Rhythm Heaven Groove Review

Nintendo Switch

Ten years is a long time to wait for a sequel, but Nintendo's strangest, most lovable music series proves it never lost the beat.

Reviewed by Adsey on  Jul 02, 2026

We have all waited more than a decade for this moment. Rhythm Heaven Groove is the first brand-new mainline entry since Rhythm Heaven Megamix closed things out on 3DS back in 2016, and once you know the history behind it, that gap makes a lot more sense. The whole franchise traces back to one person: Mitsuo Terada, better known as Tsunku.

Long before any of this existed, Tsunku was one of the most influential producers in J-pop, the creative force behind Morning Musume and other major groups. In the early 2000s, he grew frustrated with music games that simply told you when to press a button without teaching you anything real about rhythm.

Rhythm Heaven Groove Tennis Quest rhythm battle

His belief was that nobody actually has a bad rhythm; they just never learned how it works, and he wanted to build something that taught through play rather than punishing wrong guesses. He brought the idea to Nintendo, and together they built Rhythm Tengoku for the Game Boy Advance, which was released in Japan in 2006.

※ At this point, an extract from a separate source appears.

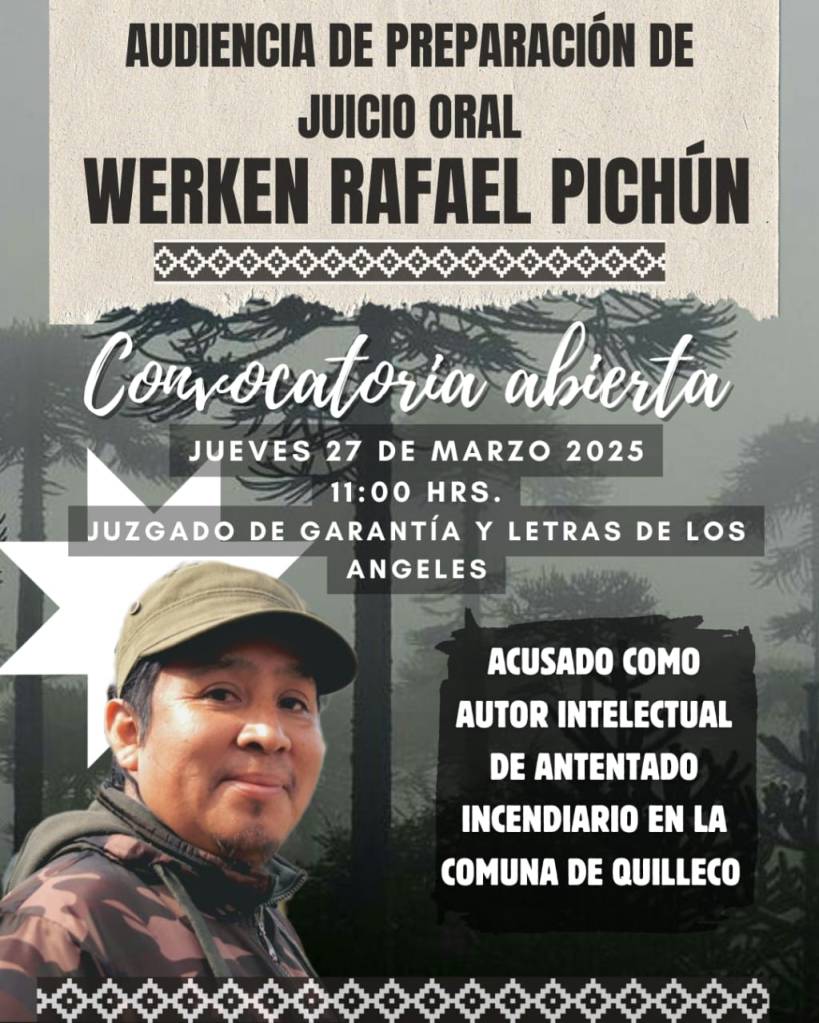 Este jueves 27 de marzo, en el tribunal de Los Angeles a las 11am, se llevará a cabo la audiencia de preparación de juicio oral del werken (vocero, mensajero) Rafael Pichún Collonao, quien se encuentra recluido en prisión preventiva desde el 12 de abril del 2024, cumpliendo ya casi un año en el Centro de Detención Preventiva, CCP Temuco.

Two years later, the series crossed over to the West as Rhythm Heaven on the Nintendo DS, sold over 3 million copies, and became a cult favorite. It also played a real role in Satoru Iwata's push to bring the DS and Wii to people who'd never considered themselves gamers, sitting alongside Nintendogs and Animal Crossing as one of those unexpected gateway titles.

Wii players got Rhythm Heaven Fever in 2011, adding fifty new minigames and, for the first time, proper co-op. Then in 2016, 3DS closed out the era with Megamix, a greatest-hits collection of over a hundred minigames from every prior entry plus a smaller batch of new ones. 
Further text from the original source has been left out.